Wundervölker und Monster sind fester Bestandteil des mittelalterlichen Weltbilds. Wunderliche Menschen, Drachen, Riesen und andere Ungeheuer existieren nicht etwa als Metapher, sondern als „reale“ Lebewesen. Für Augustinus sind Monster keine Ausgeburten des Bösen, sondern Teil der Schöpfung.
Wenn Reiseberichte des Mittelalters also Beschreibungen von Monstern oder wundersamen Menschen und Tieren enthalten, geht es vornehmlich darum, das Unbekannte abzubilden und so die Schöpfung in ihrer Gänze darzustellen. Sie versinnbildlichen einerseits die Erhabenheit der Schöpfung als Ganzes und sind andererseits Ausdruck der Schöpferkraft, also der Kreativität Gottes.
Im Spätmittelalter wandelt sich die Bedeutung der Monster. Sie sind nicht länger Gottes Geschöpfe, sondern mehr und mehr Produkte der menschlichen Vorstellungskraft mit metaphorischer Bedeutung.
Sittenmonster und ungeheuerliche Pathologien
In der Aufklärung und der Renaissance ist das Übernatürliche und Ungeheuerliche nicht länger Teil der realen Welt, sondern wird zunehmend wissenschaftlich erforscht und medizinisch erklärt. Das Monströse verschiebt sich in den Bereich des Pathologischen.

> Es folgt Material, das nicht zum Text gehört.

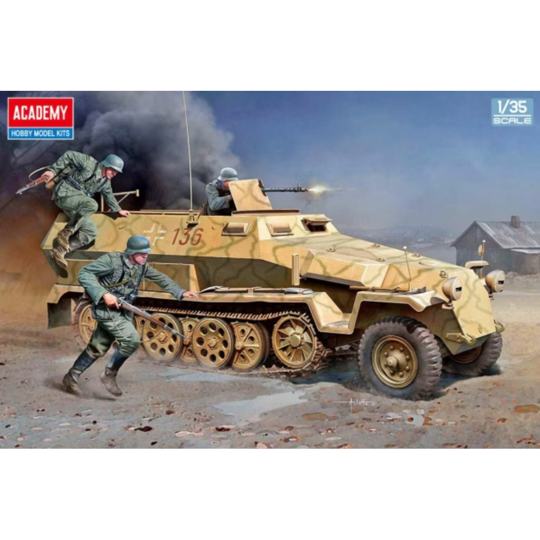 Questo modello in scala 1:35 riproduce il celebre Sd.Kfz.251 Ausf. C, il principale mezzo corazzato da trasporto truppe tedesco della Seconda Guerra Mondiale, impiegato in tutti i fronti dal 1941 al 1945.
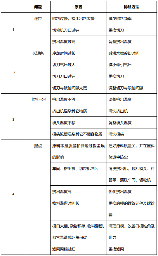四、ABS家電色母粒生產(chǎn)中出現(xiàn)的問題及解決辦法
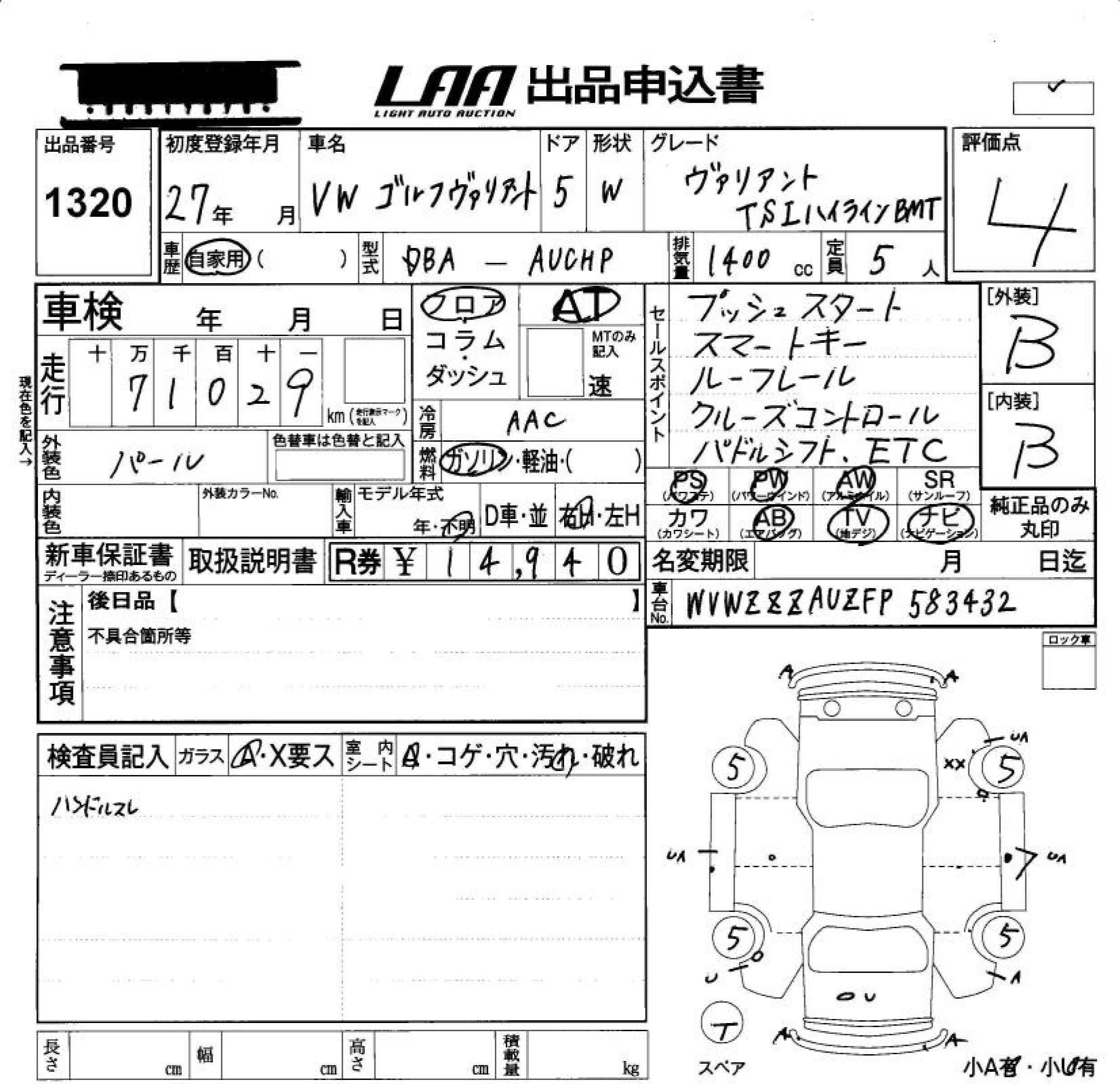 VOLKSWAGEN GOLF VARIANT TSI HIGH LINE BMT - лот 1320
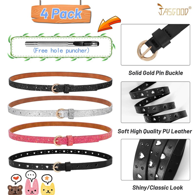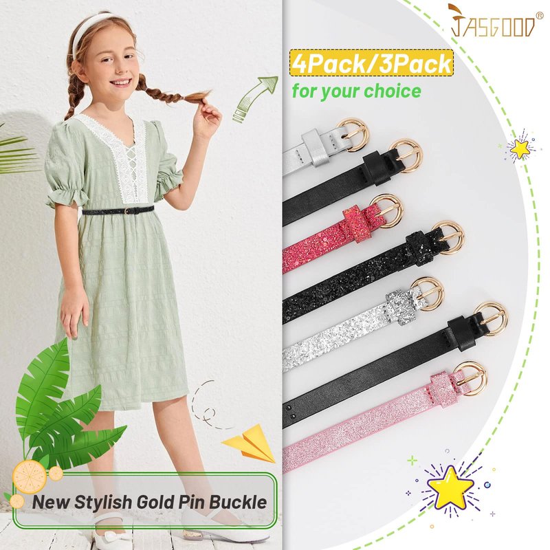 JASGOOD 4 Pack 3 Pack Kids Skinny Belts Glitter PU Leather Belts for Teen Girls Colorful Girls Waistbands for Jeans Dress
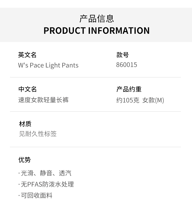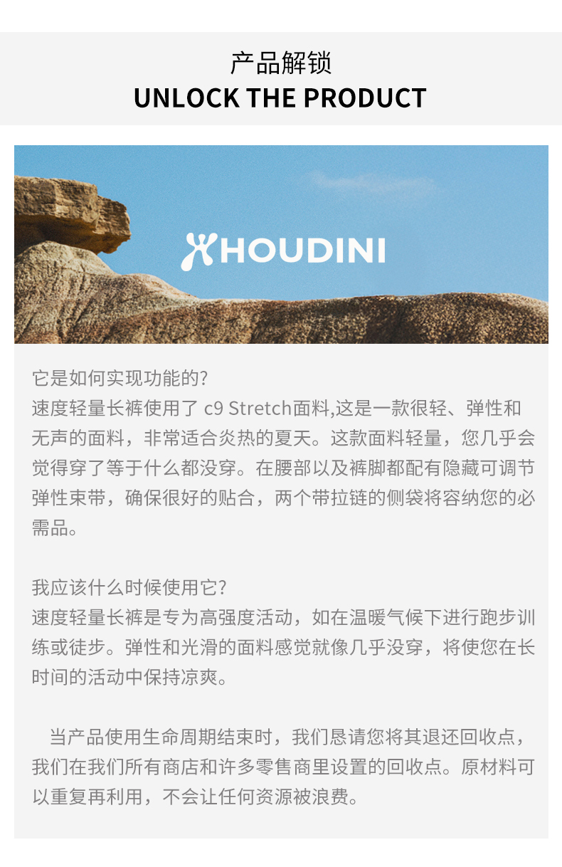 HOUDINI胡丁尼 Pace Light 速度 女款户外轻量透气长裤860015

Im Übergang vom 18. zum 19. Jahrhundert kommt z. B. der Begriff des Sittenmonsters auf. Der französische Diskurstheoretiker Michel Foucault setzt sich seiner Vorlesung Die Anormalen mit dem Thema auseinander und erklärt: Während das Körpermonster äußerlich durch sichtbare anatomische Abweichungen auffällt, definiert sich das Sittenmonster durch innere Abweichungen und ist als Monster nicht auf den ersten Blick erkennbar. Für die Gesellschaft ist es deshalb umso bedrohlicher.